Finally, merging all the above code fragments together is the complete code of merging different result files into the same Sheet. The specific results are as follows. You can see that different result files are merged together and their formats are well set.

Merge different results into different sheets in the same Workbook:

It is easier to combine different results into different sheets in the same workbook. You only need to create several sheets, and then insert data for different sheets. The specific implementation code is as follows:

from openpyxl import Workbook
from openpyxl.utils.dataframe import dataframe_to_rows

wb = Workbook()
ws = wb.active

ws1 = wb.create_sheet()
ws2 = wb.create_sheet()

#Change the name of the sheet
ws.title = "Core indicators" 
ws1.title = "Sales by province" 
ws2.title = "Diurnal trend" 

for r1 in dataframe_to_rows(df_view,index = True,header = True):
    ws.append(r1)

for r2 in dataframe_to_rows(df_province,index = False,header = True):
    ws1.append(r2)

img = Image(r'D:\Data-Science\share\excel-python Report automation\4.2 - 4.11 Create daily trend of order quantity.png')

ws2.add_image(img, 'A1')

wb.save(r'D:\Data-Science\share\excel-python Report automation\Multi result merging_many Sheet.xlsx')

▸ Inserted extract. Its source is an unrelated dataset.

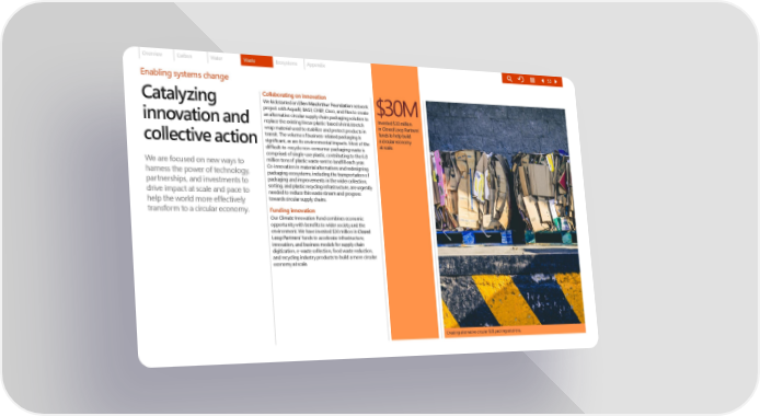 Overview Carbon Water Waste Ecosystems Appendix 53 Enabling systems change Collaborating on innovation Catalyzing We kickstarted an Ellen MacArthur Foundation network project with Aquafil, BASF, CHEP, Cisco, and Flex to create $30M an alternative circular supply chain packaging solution to Invested $30 million innovation and replace the existing linear plastic-based shrink/stretch in Closed Loop Partners' wrap material used to stabilize and protect products in funds to help build transit. The volume of business-related packaging is a circular economy collective action significant, as are its environmental impacts. Most of the at scale. difficult-to-recycle non-consumer packaging waste is comprised of single-use plastic, contributing to the 6.8 We are focused on new ways to million tons of plastic waste sent to landfill each year. harness the power of technology, Co-innovation in material alternatives and redesigning packaging ecosystems, including the transportation of partnerships, and investments to packaging and improvements in the wider collection, drive impact at scale and pace to sorting, and plastic recycling infrastructure, are urgently needed to reduce this waste stream and progress help the world more effectively towards circular supply chains. transform to a circular economy. Funding innovation Our Climate Innovation Fund combines economic opportunity with benefits to wider society and the environment. We have invested $30 million in Closed Loop Partners΄ funds to accelerate infrastructure, innovation, and business models for supply chain digitization, e-waste collection, food waste reduction, and recycling industry products to build a more circular economy at scale. Creating alternative circular B2B packing solutions.

Run the above code and you will get the following results. You can see that three sheets are created and different contents are saved in different sheets:

Here we have completed the code of an automated report. Every time we need to use this report in the future, execute the above code once, and the results will come out immediately. Of course, we can also set regular execution, and the results will be automatically sent to your email when the time comes.